И хотя, поддавшись массовому психозу отмахиваться от сложного, непонятного, легко посчитать сказанное ниже дутой многозначительностью, Соснин, всматриваясь сейчас в случившееся, видел в разнородных фактах звенья одной цепи, которая приковала его к этой начавшейся со всеобщего трам-та-ра-рама, а по сути лишь одного его затронувшей, лишь его разбередившей истории. Он прозревал наличие между разнородными фактами изначальной связи, указывавшей не столько на совпадения, сколько на вмешательство провидения, чья невидимая длань как бы невзначай вытягивала из клубка случайные нитки. Благодаря ему, такому вмешательству, собственно, и завязывались нервные узлы повествования: вот хотя бы крымские, взятые у матери, фотографии, вот пачка оставшихся от дяди, стянутых резинкой старых фотографий и писем, вот чудом попавший к Соснину дядин дневник. И – фоном – слепой дождь, и солнце, запылавшее на дядиных похоронах; теперь вокруг густо заросшего кладбища на Щемиловке, где похоронили Илью Марковича, новые панельные дома, много новых домов.
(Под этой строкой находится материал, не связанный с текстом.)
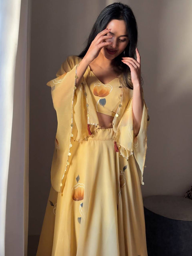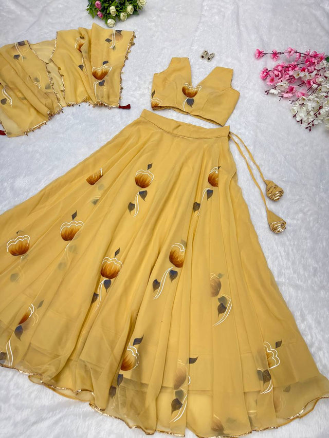 *lehenga* - Georgette hand painted 8mtr flair lehenga with canvas patta and adjustable waist Dori🌸

Разумеется, упоминание обо всём этом сейчас с точки зрения композиции романа покажется преждевременным, а с логических позиций и вовсе нелепым, так как не внесёт ясности, а лишь усугубит путаницу, однако для накопления опережающего контекста коснуться неожиданных фактов было бы не бесполезно. А поскольку круги, которые описывали чувства циркулем мысли, получались разного, подчас огромного радиуса, охватывающего всю художественную вселенную Соснина и, стало быть, вынашиваемый им, воображённый текст, то, извинившись за самоцитирование, стоило бы вырвать наугад какой-нибудь бесформенный эпизод с двухсот тридцатой или четырёхсот восьмидесятой, но равно отсутствующих пока страниц… ну вот, хотя бы этот… или, если угодно, тот – да, нити вытягивались из клубка, связи между разнородными фактами действительно обнаруживались, правда, разглядеть их пока было трудно, пожалуй ещё труднее, чем узнать в лежащей в растрескавшейся комнатке измученной болезнью старухе, откинувшейся на только что взбитую подушку, молодую улыбающуюся даму в мехах, с муфтой; она стояла об руку с обсыпанным конфетти, но нарочито серьёзным господином в цилиндре, за ними беспорядочно торчали стволы с косо размазанными по сугробам тенями.
– Снято утром на Островах, после встречи Нового, 1914 года, – живо сообщила, опять взбивая подушку, давняя подруга больной, словно мумифицированная, но редкостно для своих фантастических лет подвижная, по-балетному грациозная старушка с прямой спиной, – вскоре Илья Маркович уезжал в Италию…
Ох, многие, даже пробежав крохотный эскиз-эпизод глазами, привычно примутся бурчать, что, поверив ли в указующий свыше перст, таинственную всемогущую длань, тянущую за нити, Соснин преувеличивал значение произошедшего с ним, спешил в ущерб общей ясной картине выпятить какие-то невнятные мелочи, заставлявшие лишь провисать внимание, тогда как всё следовало объяснять попроще, попонятнее, и, главное, побыстрее, а Соснин бы продолжал стоять на своём, искренне полагая, что не только искусство, но и сама жизнь испытывает нас день за днём загадками опережающего контекста.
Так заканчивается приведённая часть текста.